Bruno pontuou seu discurso com um sorriso torto contagiante. Eu suspirei. 

– Você mora por aqui? - Perguntei. 

– Moro a dois quarteirões daqui. Consigo ver esse parque inteiro da varanda da minha sala. - E dizendo isso, apontou para um prédio branco espelhado imponente, o mais alto à nossa esquerda, um pouco longe. 

– Deixa eu adivinhar: Você mora na cobertura. 

– É. 

 Sorri com deboche abaixando a cabeça. Então ele era mesmo um homem podre de rico. 

– Ei, posso sentar? 

– Claro. - Tirei minha bolsa de cima do banco ao meu lado, cedendo-lhe o lugar. 

Ele aceitou, sentando-se e puxando um assunto aleatório: 

– Então... Um sábado chuvoso. Que droga, né? 

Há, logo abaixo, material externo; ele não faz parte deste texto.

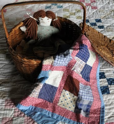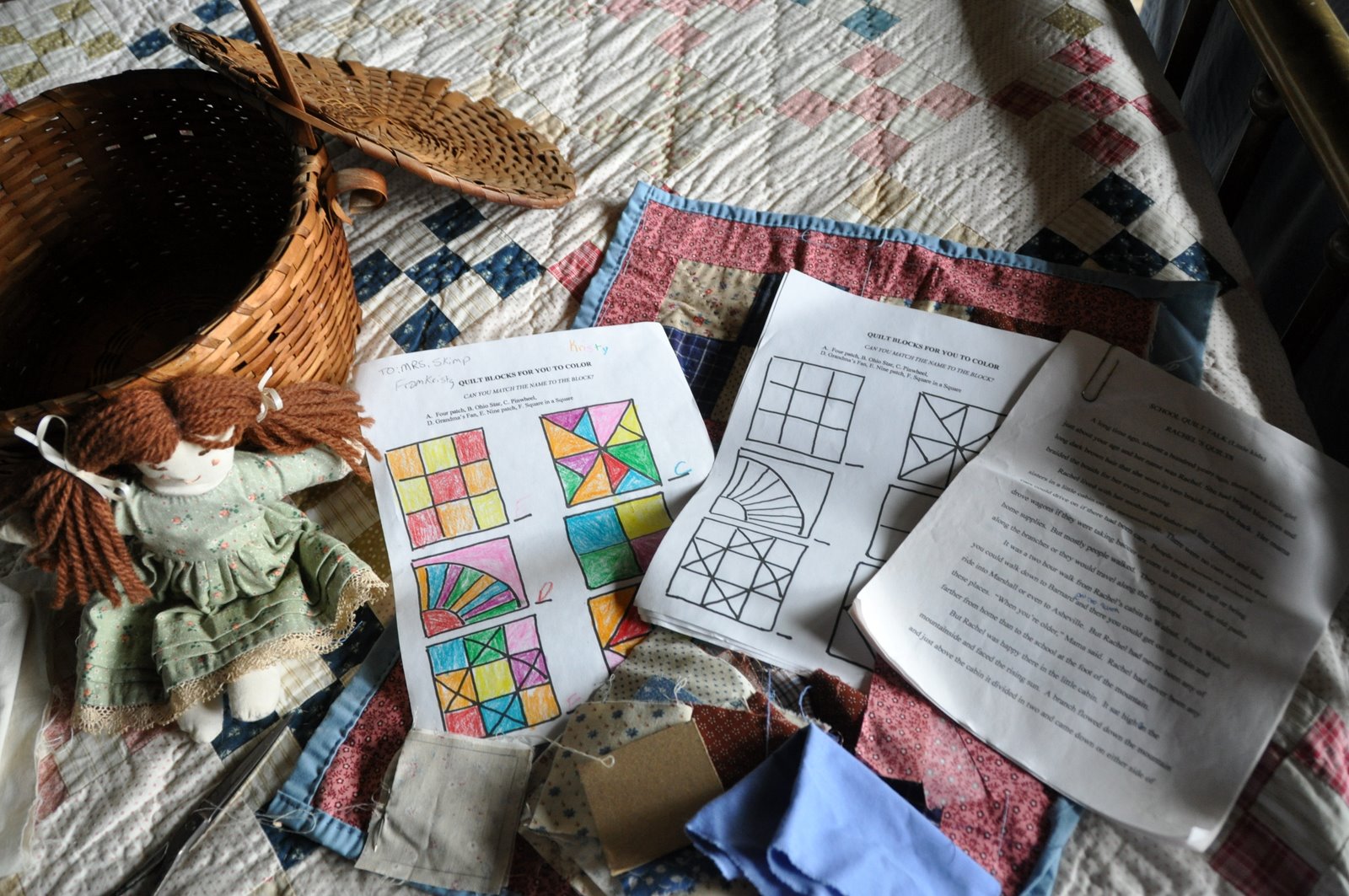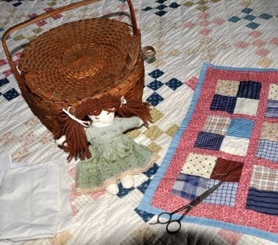 And I'd show them Rachel's doll and the quilt Rachel made with scraps from her mother and sister's sewing (left unfinished on one edge to show its construction.) By the way, those are my grandmother's sewing scissors in the picture.
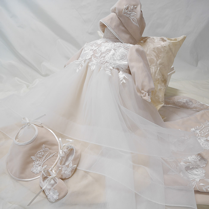 ベビー・子供・出産準備品 カットワークレースのベビードレスとおくるみ
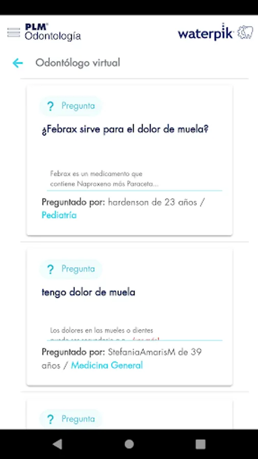 In this application the dentist will find all the material that Warterpik and PLM have developed so that health professionals can recommend and teach their patients the benefits of this device helped by videos and scientific information, additional will find the congresses and exhibitions of their specialty , atlas for explanation to the patient, clinical research guides and the PLM drug search engine, which will help your daily consultation.

Manter um papo normal com Bruno soava forçado, porque nós não batíamos papo. Nós não nos conhecíamos para isso, e nosso objetivo juntos era bastante diferente de jogar conversa fora. Mesmo assim eu queria dar uma chance para que esse relacionamento, errado em quase todos os aspectos, pudesse se tornar algo melhor, algo que valesse apena.